FIG. 5 shows on-event processing that is generally performed when the processing of this embodiment is not employed.

  As shown in FIG. 5, in the on-event process, in the first step S51, it is determined whether or not “same pitch is sounding?”. If the result of this determination is that “the same pitch is sounding”, the process proceeds to step S52 to mute the same pitch, and then the process proceeds to step S53. On the other hand, if it is not “same pitch is sounding?”, The process proceeds directly to step S53. In step S53, "sound generation process in new channel" is performed. Next, a sound generation / counter table process is performed in step S54. The contents of each process performed in steps S51 to S54 described above will be described in detail with reference to the flowchart of FIG.

Next, on-event processing performed in the present embodiment will be described with reference to FIG.
First, in step S61, it is determined whether or not “same pitch is sounding?”. This determination is made based on whether or not there is a coincidence by examining the pitch (KeyNo) recorded in the sound generation / counter table shown in FIG.

  If the result of determination in step S61 is not “Is the same pitch sounding?”, The process proceeds directly to step S65. If “same pitch is sounding”, the process proceeds to step S62, and it is determined whether the count number of the same pitch is a predetermined value or more. This determination is made based on whether the count number recorded in the sound generation / counter table is read and the value is equal to or greater than a predetermined value.

  If the result of determination in step S62 is that the number of counts is greater than or equal to a predetermined value, the process proceeds to step S63, where the same pitch is silenced. This process is a process for forcibly ending sound generation by transferring and setting the parameters for the release phase to the channel of the sound source that is sounding the same pitch. If the count is less than or equal to the predetermined value, the process proceeds to step S65.

  Next, the process proceeds to step S64, and a process of deleting from the sound generation / counter table is performed. This process is performed by setting the table's pitch (KeyNo) portion having the pitch after the mute processing to “0”. Thereafter, the process proceeds to step S65, and “performs sound generation processing on a new channel”. In this process, various parameters necessary for sound generation are set in the sound source LSI 106 and sound generation is started.

  Next, in step S66, processing for recording in the sound generation / counter table is performed. This records the current pitch (1 to 88) in a place where the pitch (KeyNo) of the pronunciation / counter Table is “0”, and resets the count value to “0”. The count value is counted up by the timer of the CPU 101 as needed separately from this process, and when the count value reaches a predetermined time, the count value is maintained without being counted up.

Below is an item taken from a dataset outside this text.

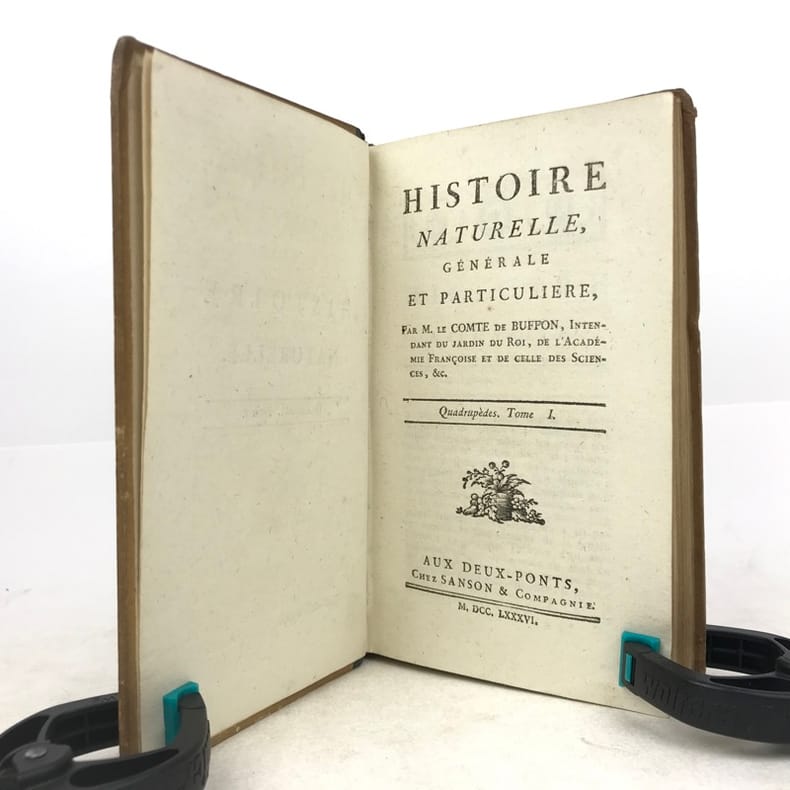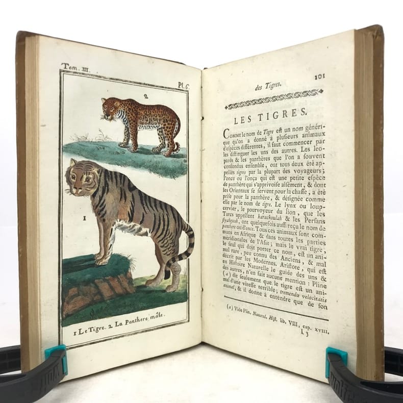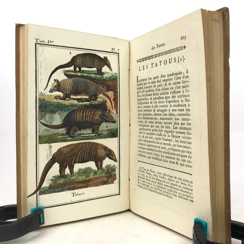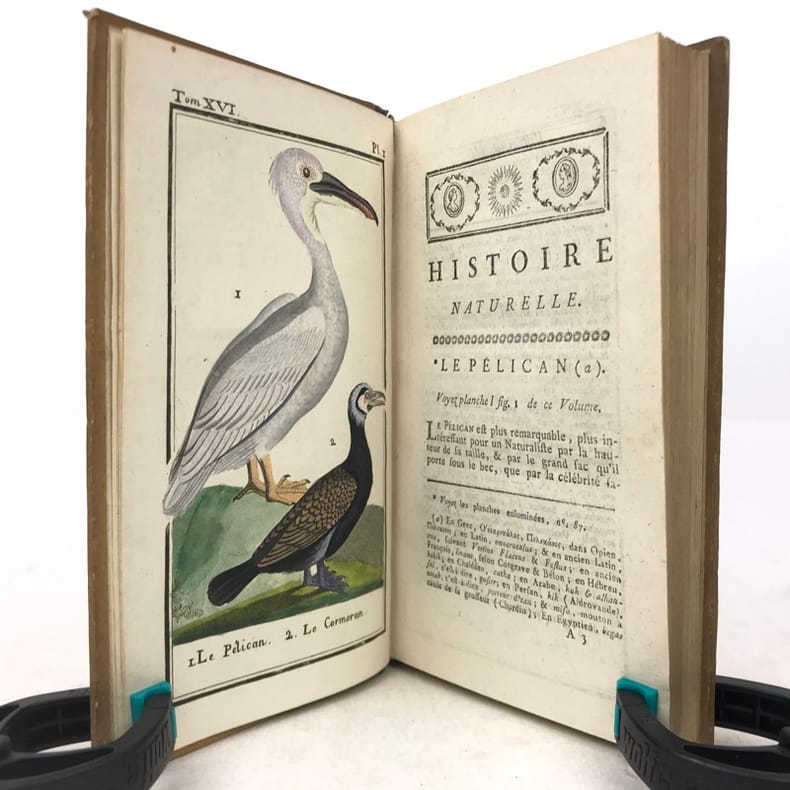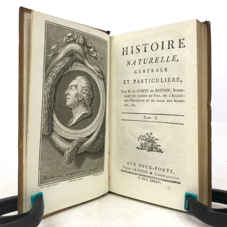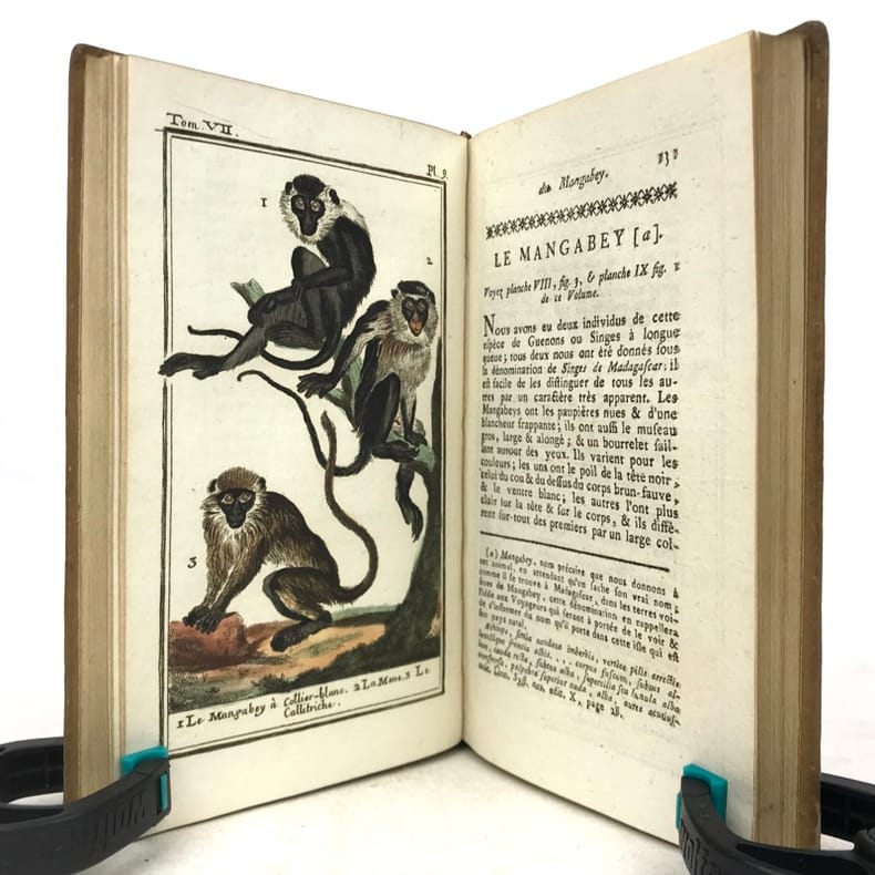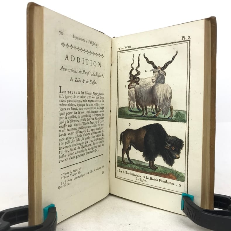 Tome. I : Histoire Naturelle, Théorie de la Terre, 1774, (1) fb. (4) ff (faux-titre, frontispice, titre, épître, table), 612 pages avec 1 portrait en frontispice, 2 planches non numérotées, et 2 cartes.Tome II : Histoire générale des Animaux, Récapitulation Histoire naturelle de l'Homme,1749, (2) ff., 603 pages avec 8 planches. Tome III : Histoire naturelle de l'Homme, Anatomie, 1749, (2) ff., 530 pages, avec 17 planches (pl. 14 située après la 17). Tome IV : Animaux, Discours sur les Animaux, Les Animaux domestiques, Le Cheval, l'Ane, le Boeuf, 1753, xvj-544 pages, avec 23 planches.Tome V : Animaux, La Brebis, la Chèvre, & la Chèvre d'Angora, Le Cochon, le Cochon de Siam & le Sanglier, le Chien avec ses variétés, 1755, (3) ff., 311 pages, avec 52 planches+ 1 tableau dépliant non numéroté.Tome VI : Animaux, Le Chat, les Animaux sauvages, le Cerf, le Daim, le Chevreuil, le Lièvre, le Lapin, 1755, vij-344 pages vec 57 planches.Tome VII : Animaux carnassiers, le Loup, le Renard, le Blaireau, la Loutre, la Fouine, la Marte, le Putois, le Furet, la Belette, l'Hermine ou le Roselet, l'Ecureuil, le Rat, la Souris, le Mulot, le Rat d'eau, le Campagnol, 1758, (3) ff. 378 pages avec 48 planches.Tome VIII : Animaux, Le Cochon d'Inde, le Hérisson, la Musaraigne, la Musaraigne d'eau, la Taupe, la Chauve-Souris, le Loir, le Lérot, le Muscardin, le Surmulot, la Marmotte, l'Ours, le Castor, le Raton, le Coati, l'Agouti, 1760, (3) ff., 402 pages, avec 54 planches.Tome IX : Animaux, Le Lion, Les Tigres, Animaux de l'ancien Continent, Animaux du Nouveau Monde, Animaux communs aux deux Continents, Le Tigre, la Panthère, l'Once & le Léopard, le Jaguar, le Cougar, le Lynx ou Loup-cervier, le Caracal, l'Hyaene, la Civette & le Zibet, La Genette, Un Loup noir,1761, (3) ff., 375 pages avec 41 planches.Tome X : Animaux, L'Ondatra & le Desman, le Pecari ou le Tajacu, la Roussette, la Rougette & le Vampire, le Polatouche, le Petit-gris, le Palmiste, le Barbaresque & le Suisse, le Tamanoir, le Tamandua & le Fourmillier, le Pangolin & le Phatagin, les Tatous, le Paca, le Sarigue ou l'Opossum, la Marmose, le Cayopollin, 1763, (4) ff., 368 pages avec 57 planches.Tome XI : Animaux, l'Eléphant, le Rhinocéros, le Chameau & le Dromadaire, le Buffle, le Bonafus, l'Aurochs, le Bison & le Zébu, le Mouflon & les autres Brebis, l'Axis, 1764, (2) ff., 450 pages avec 43 planches. Tome XII : Animaux, Le Zèbre, l'Hippopotame, l'Elan & le Renne, le Bouquetin, le Chamois & les autres Chèvres, le Saiga, les Gazelles, le Bubale & les autres animaux qui ont rapport aux Gazelles & aux Chèvres, le Condoma, le Guib, la Grimme, les Chevrotains, les Mazames, le Coudous, le Musc, le Cabiai, le Porc-épic, le Coendou, l'Urson, le Tanrec & le Tandrac, 1764, xvj-451 pages, avec 58 planches. Tome XIII : Animaux, De la Nature seconde vue, la Giraffe, le Lama & le Paco, l'Unau et l'Aï, le Surikate, le Tarsier, le Palanger, le Coquallin, le Hamster, le Bobak & les autres Marmottes, les Gerboises, la Mangouste, la Fossane, le Vansire, les Makis, le Loris, la Chauve-souris ver-de-lance, le Serval, l'Ocelot, le Margai, le Chacal & l'Adive, l'Isatis, le Glouton, les Mouffettes, le Pekan & le Vison, la Zibeline, le Leming, la Saricovienne, Une Loutre de Canada, les Phoques, les Morses & les Lamantins, 1765, xx-441 pages avec 58 planches (dont le 46 bis).Tome XIV : Animaux, Nomenclature des Singes, Les Orang-outangs ou le Pongo & le Jocko, le Pithèque, le Gibbon, le Magot, le Papion ou Babouin, le Mandrill, l'Ouanderou & le Lowando, le Maimon, le Macaque et l'Aigrette, le Patas, le Malbrouck & le Bonnet-chinois, le Mangabey, le Moustac, la Talapoin, Le Douc, De la Dégénération des Animaux, 1766, (3) ff. 411 pages avec 41 planches.Tome XV : Animaux, les Sapajous & les Sagoins, l'Ouarine & l'Alouate, le Coaita & l'Exquima, le Sajou, le Saï, le Saïmiri, le Saki, le Tamarin, l'Ouistiti, le Marikina, le Pinche, le Mico, Notice de quelques Animaux dont il n'a pas été fait mention expresse dans le cours de cet ouvrage :Ours blanc, Vache de Tartarie, le Tolai, le Zizel, le Zemmi, le Pouc, le Perouasca, le Souslik, Taupe dorée, Rat d'eau blanc, le Cochon de Guinée, le Sanglier du Cap-verd, le Loup du Mexique, l'Alco, le Tayra ou le Galera, le Philandre de Surinam, l'Acouchi, le Tucan, la Musaraigne du Brésil, l'Apéra, le Tapeti, Concordance & Table, Tables, 1767, (3) ff., 207-ccxxiv (tables) pages, avec 18 planches. Total : 578 planches + 1 portrait en frontispice+ 2 cartes+1 tableau dépliant (Chiens).SUPPLEMENT à L'HISTOIRE NATURELLE, générale et particulière Servant de suite à la Théorie de la Terre, & d'introduction à l'histoire des Minéraux : Tome I : Introduction à l'Histoire des Minéraux, Des Elémens, 1774, (3) ff., 542-xxviij pages avec 16 planches.Tome II : Servant de suite à la Théorie de la Terre, & de préliminaire à l'histoire des Végétaux. Partie Expérimentale & Hypothètique, 1775, (3) ff., 563-xxxiv pages, sans planches.Tome III : Servant de suite à l'histoire des Animaux quadrupèdes, 1776, (5) ff., 330-xxj pages, avec 67 planches (65+2bis). Tome IV : Servant de suite à l'Histoire Naturelle de l'Homme, 1777, (4) ff., 582-xx pages, avec 6 planches.Tome V : Des Epoques de la Nature, Additions et Corrections, Notes Justificatives des faits rapportés dans les Epoques de la Nature, 1778, viij-615 pages, avec 6 planches+ 1 carte dépliante des Chaines de Montagnes de Langres et une carte dépliante des deux Régions Polaires.Tome VI : Supplément à l'Histoire des Animaux Quadrupèdes, 1782, viij-405-xxv pages, avec 49 planches.LES OISEAUX.Tome I : les Aigles, le grand Aigle, le Petit Aigle, l'Aigle commun, le Pyrargue, le Balbuzard, l'Orfraie, le Jean-le-blanc - Oiseaux Etrangers : les Aigles & Balbuzards : les Vautours, le Percnoptere, le Griffon, le Vautour ou Grand Vautour, le Vautour à aigrettes, le petit Vautour - Vautours : le Condor, le Milan & les Buses, la Buse, la Bondrée, l'Oisea

  FIG. 7 shows an example of the pronunciation / counter table. In this example, “pitch (KeyNo)” and “count value” are recorded, and “1 to 88” is recorded during sound generation, and “0” is recorded during mute. .

(Second Embodiment)
Next, a second embodiment of the present invention will be described with reference to the flowchart of FIG.
The processing content of each process of step S81-step S86 in FIG. 8 is the same as the processing content of each process of step S61-step S66 in FIG.

  The difference from the flowchart of FIG. 6 is that, in step S82, it is determined whether or not the count number of the same pitch is greater than or equal to a predetermined value. It is. This indicates that the second key-on event occurring at the same pitch within a predetermined time after the occurrence of the key event is ignored.

  By processing in this way, if a key-on event occurs twice at the same pitch within a predetermined time, the sound generation process based on the second key-on event is not performed. As a result, the volume / envelope by the first key-on event remains as it is, so that it is possible to perform processing without a sense of incongruity in hearing. In addition, consumption of the sound channel can be suppressed.

(Third embodiment)
Next, a third embodiment of the present invention will be described with reference to the flowchart of FIG.
The processing content of each process other than step S93 in FIG. 9 is the same as the processing content of each process of step S61 to step S66 in FIG.

  In this embodiment, if it is determined in step S92 whether or not the count number of the same pitch is greater than or equal to a predetermined value, if the count number of the same pitch is not greater than or equal to the predetermined value, the process proceeds to step S93 and velocity is increased. It is determined whether or not the difference is large. This determination is made by reading the velocity recorded in the corresponding pitch in the sound generation / counter table and comparing it with the current velocity.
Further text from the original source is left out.